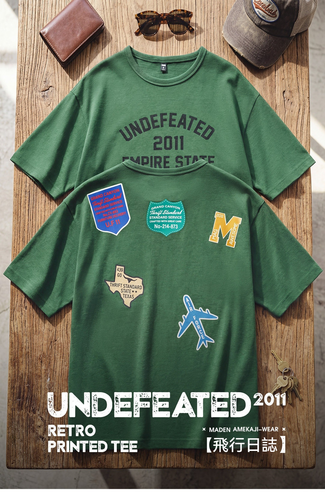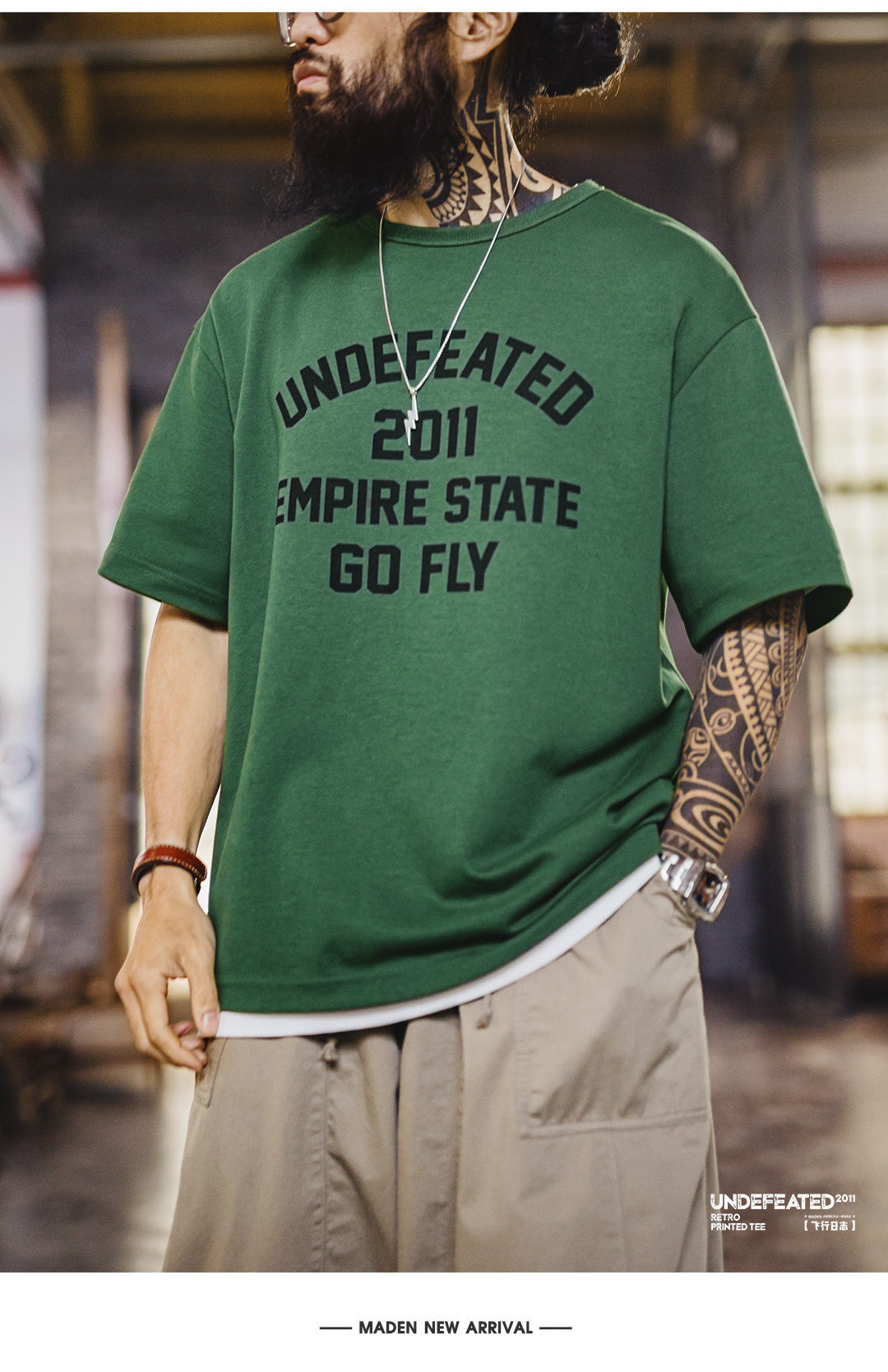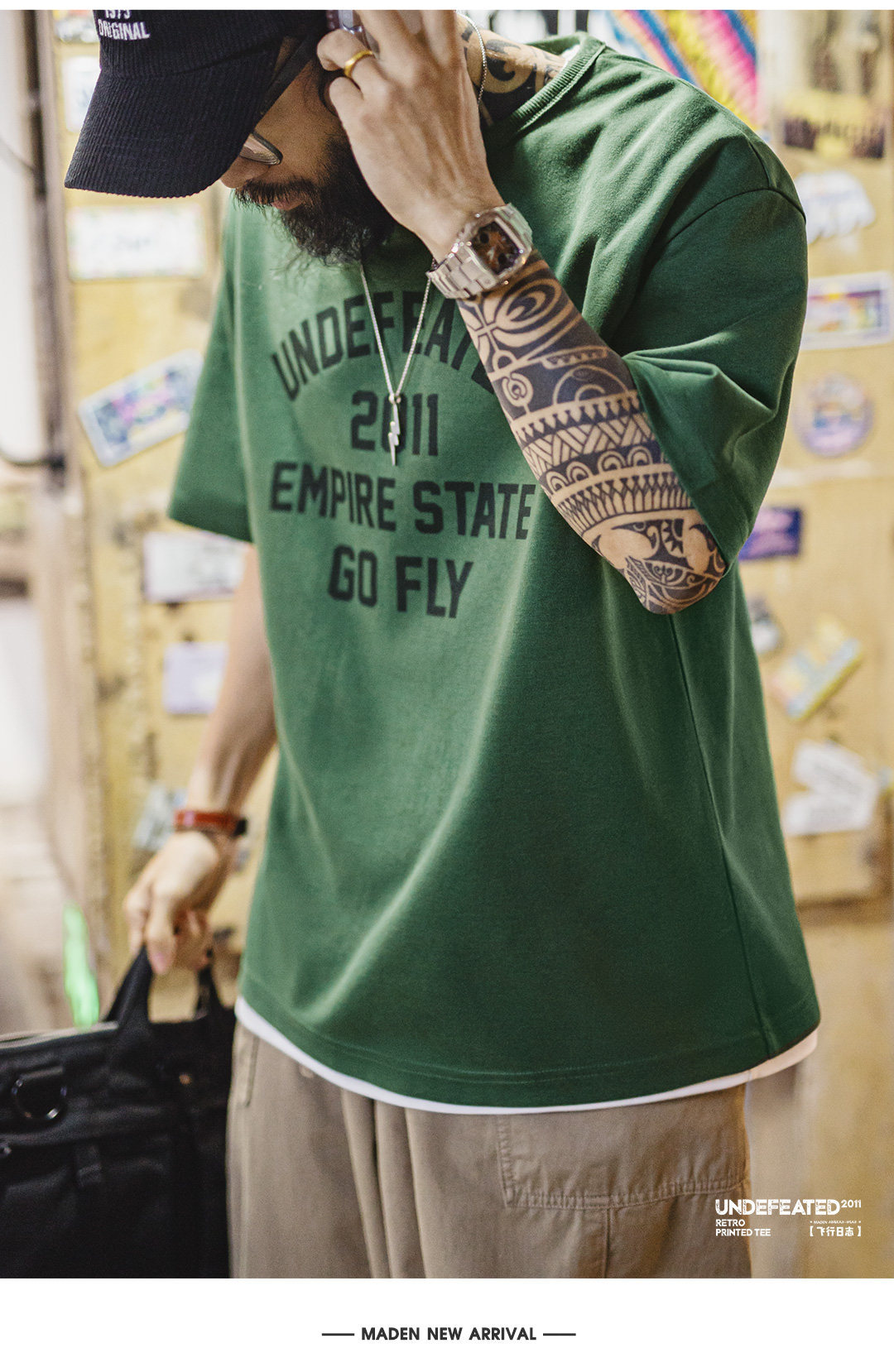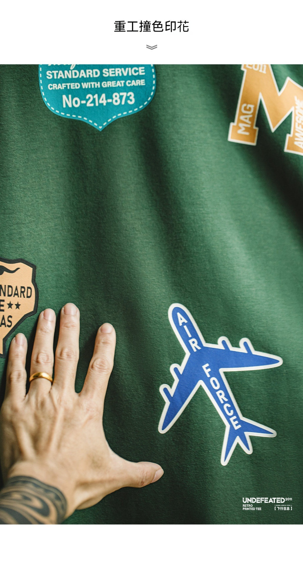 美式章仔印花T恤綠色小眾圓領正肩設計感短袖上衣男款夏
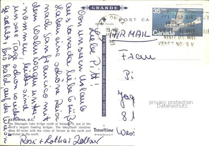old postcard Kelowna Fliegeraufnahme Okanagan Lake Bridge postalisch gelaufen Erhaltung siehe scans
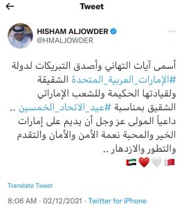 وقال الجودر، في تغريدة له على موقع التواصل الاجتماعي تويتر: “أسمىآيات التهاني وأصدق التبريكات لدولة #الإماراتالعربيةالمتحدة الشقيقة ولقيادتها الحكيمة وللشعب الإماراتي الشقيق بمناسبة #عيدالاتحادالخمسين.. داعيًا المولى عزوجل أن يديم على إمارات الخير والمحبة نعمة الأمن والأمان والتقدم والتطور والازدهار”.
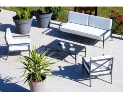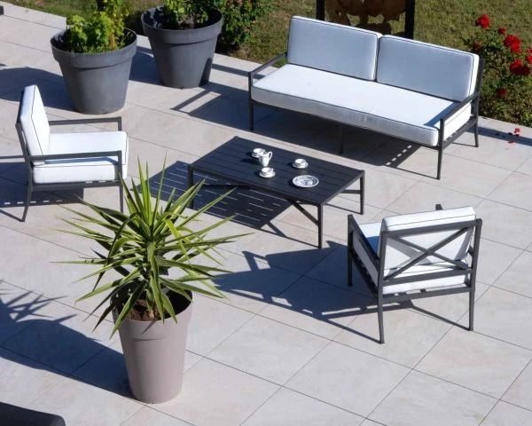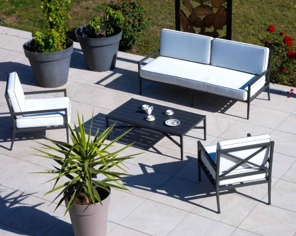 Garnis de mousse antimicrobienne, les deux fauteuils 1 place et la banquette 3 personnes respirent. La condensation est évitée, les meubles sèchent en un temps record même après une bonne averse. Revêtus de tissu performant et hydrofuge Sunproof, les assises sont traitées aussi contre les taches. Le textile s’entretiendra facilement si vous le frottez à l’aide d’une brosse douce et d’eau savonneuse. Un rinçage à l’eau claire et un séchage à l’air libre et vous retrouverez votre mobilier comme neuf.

> **Problem details**: Could you restate exactly the lines from the line containing "old postcard Kelowna" through the end of the listing, both ends included and nothing else, leaving the images out?

> **Result for this exercise**:
old postcard Kelowna Fliegeraufnahme Okanagan Lake Bridge postalisch gelaufen Erhaltung siehe scans
 وقال الجودر، في تغريدة له على موقع التواصل الاجتماعي تويتر: “أسمىآيات التهاني وأصدق التبريكات لدولة #الإماراتالعربيةالمتحدة الشقيقة ولقيادتها الحكيمة وللشعب الإماراتي الشقيق بمناسبة #عيدالاتحادالخمسين.. داعيًا المولى عزوجل أن يديم على إمارات الخير والمحبة نعمة الأمن والأمان والتقدم والتطور والازدهار”.
 Garnis de mousse antimicrobienne, les deux fauteuils 1 place et la banquette 3 personnes respirent. La condensation est évitée, les meubles sèchent en un temps record même après une bonne averse. Revêtus de tissu performant et hydrofuge Sunproof, les assises sont traitées aussi contre les taches. Le textile s’entretiendra facilement si vous le frottez à l’aide d’une brosse douce et d’eau savonneuse. Un rinçage à l’eau claire et un séchage à l’air libre et vous retrouverez votre mobilier comme neuf.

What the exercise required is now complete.